To put it more cleanly, in the world of The Get Out Kids, the player is everything and everyone—and by extension, nothing and no one. In any given moment or sequence, the game’s omnipresent tutorials might address me as one of its two protagonists, only to immediately swap its subject to the other a moment later. Or, in another sequence, it might place me as a character buying an item from a store, only to—for no real reason—have me calculate the change for that purchase as if I were the cashier. It might even occasionally ask me, when solving some of its notably Pokémon-ish puzzles, to control aspects of the world not tied to any particular character.

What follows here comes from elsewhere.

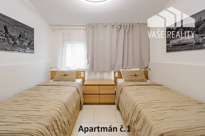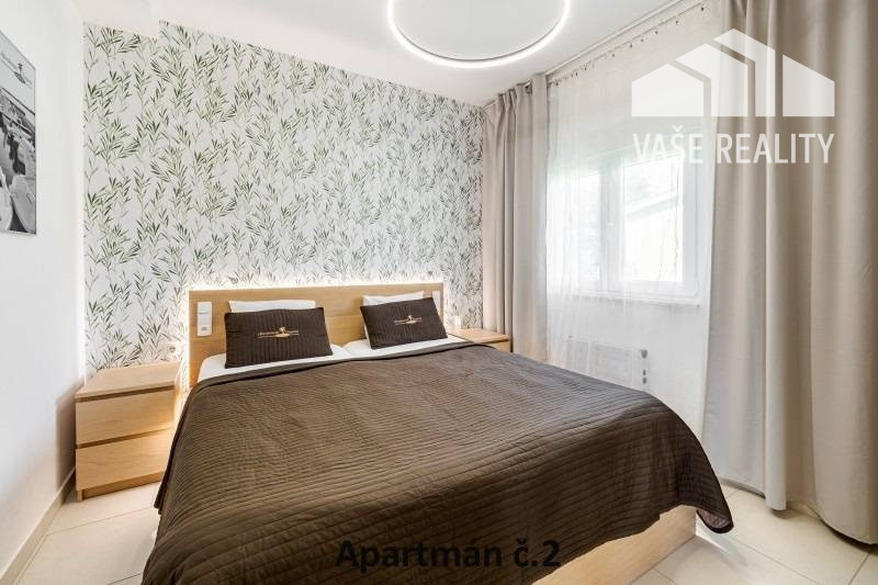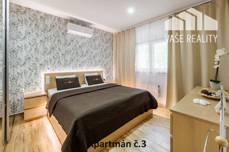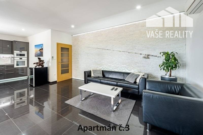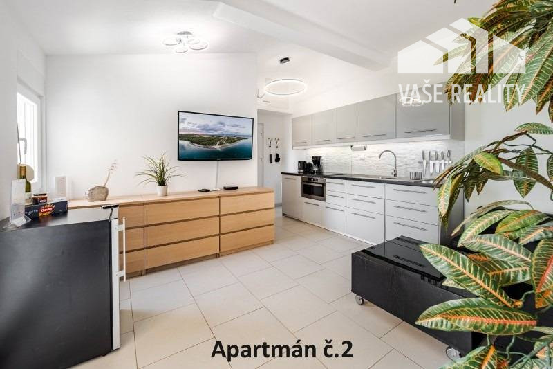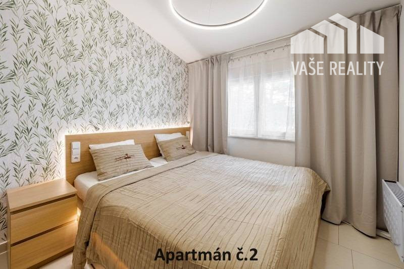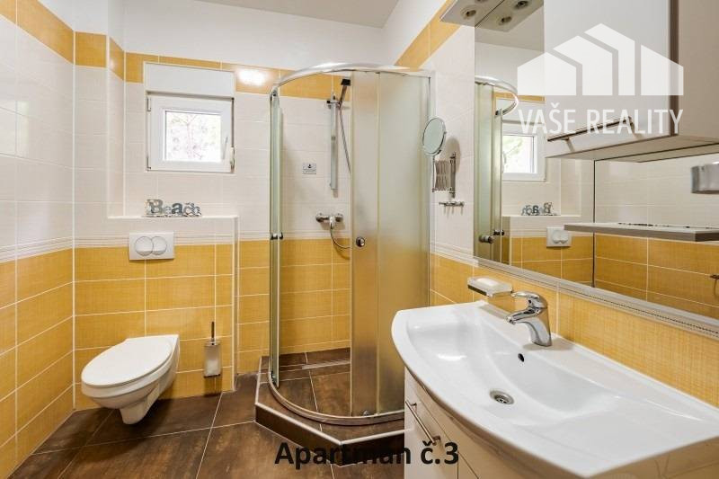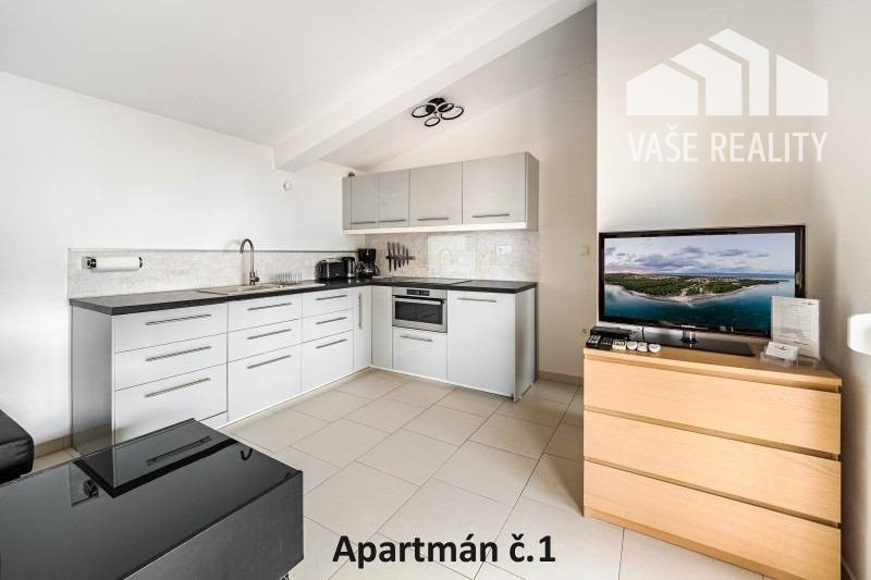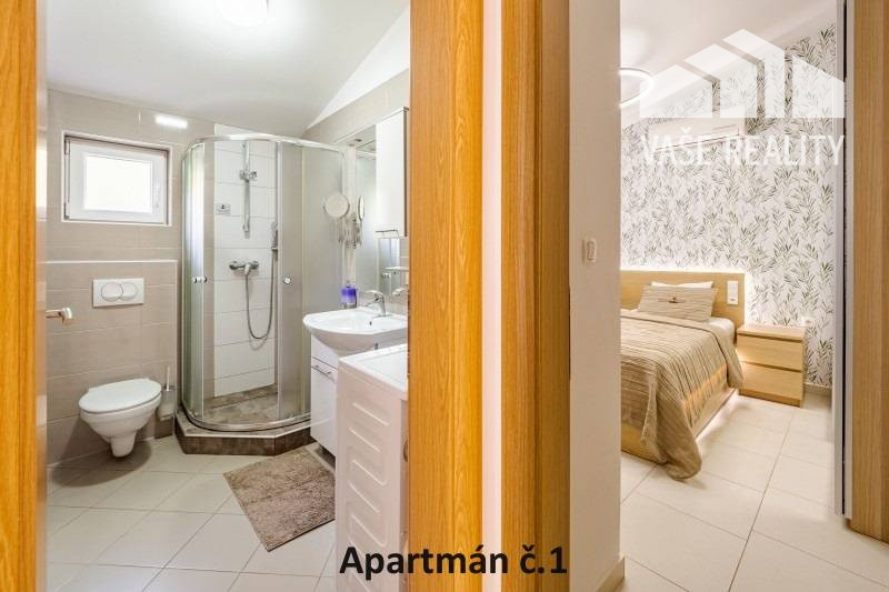 Kompletne a luxusne vybavené až šesťlôžkové apartmány o veľkosti 3+kk sa nachádzajú na prízemí a na poschodí. V samostatných apartmánoch sú 2 spálne s veľkou šatníkovou skriňou a manželskou posteľou s kvalitnými matracmi, pre nás vyrobenými na mieru so studenou pamäťovou penou, ktorá Vám zabezpečí dokonalý a pohodlný spánok. Apartmány disponujú rozľahlou obývačkou s pohodlnou rozkladacou pohovkou a LED TV, ktoré sú vybavené satelitom, na ktorom môžete sledovať české aj slovenské programy. Obývacia izba je prepojená s južne orientovanou terasou a poskytuje Vám dokonalé zázemie pre relax. Otvorená kuchyňa prepojená s obývacou izbou je vybavená umývačkou riadu, mikrovlnnou rúrou, chladničkou, kávovarom, rýchlovarnou kanvicou, vinotékou a sklokeramickou varnou doskou. Kúpeľňa je vybavená sprchovacím kútom, sušičom vlasov a práčkou. Pre vaše pohodlie sú všetky apartmány klimatizované. Apartmány na prvom poschodí majú kapacitu 4 dospelí a 2 deti do 10 rokov, spodný apartmán má kapacitu 4 osoby. K dispozícii je bezplatné parkovisko pod kamerovým dohľadom, plážové ležadlá, možnosť využitia elektrického kompresora na plážové vybavenie, bezplatný výrobník ľadových kociek, v celom areáli a na pláži môžete využívať bezplatné WiFi.

None of those things, on their own, are particularly novel for a video game. But when they’re all happening simultaneously and without warning, they create this gnawing feeling of dissociation. I was never comfortable playing The Get Out Kids, primarily because I never really knew who “I” was supposed to be. That can be a powerful tool or narrative device, but it never really felt like the game was trying to do this—just that it had never really thought to answer that question.

The Get Out Kids wraps up on a profoundly strange note—with death, near-death, and a couple of stunning revelations about a particular character’s history that should have had far more of an emotional payoff than they actually did. To conceptualize this using someone most of us will find familiar—Spider-Man—imagine if, after learning that some mystical supervillain had killed Uncle Ben, Peter Parker a) almost died at their hands, b) tried to kill them himself, c) assimilated their powers to avoid dying, and then d) moved in with them as his new surrogate family after e) Aunt May simultaneously died of a heart attack.
That is not hyperbole.

It all feels like The Get Out Kids intended itself to be a fairy tale. Or at least, it mashes a fairy tale ending onto the skeleton of Pennywise the Dancing Clown, without ever quite checking to make sure the two had fit together. It at once wants to be a grim, spooky horror story, a lonely fable about a pair of outcast kids, and a fairy tale about found family. But—in the same way it never quite commits to a clear point-of-view for its player—it never quite ends up being any of those things either.
Which is a shame, because the occasional pieces that do come through can be compelling. I could see this kind of dissociation working in a game’s favor, and not enough games actively toy with point-of-view in this kind of way. But here, it just feels like another in a series of incongruities—a suitable companion for a genre homage that just never manages to develop its own identity.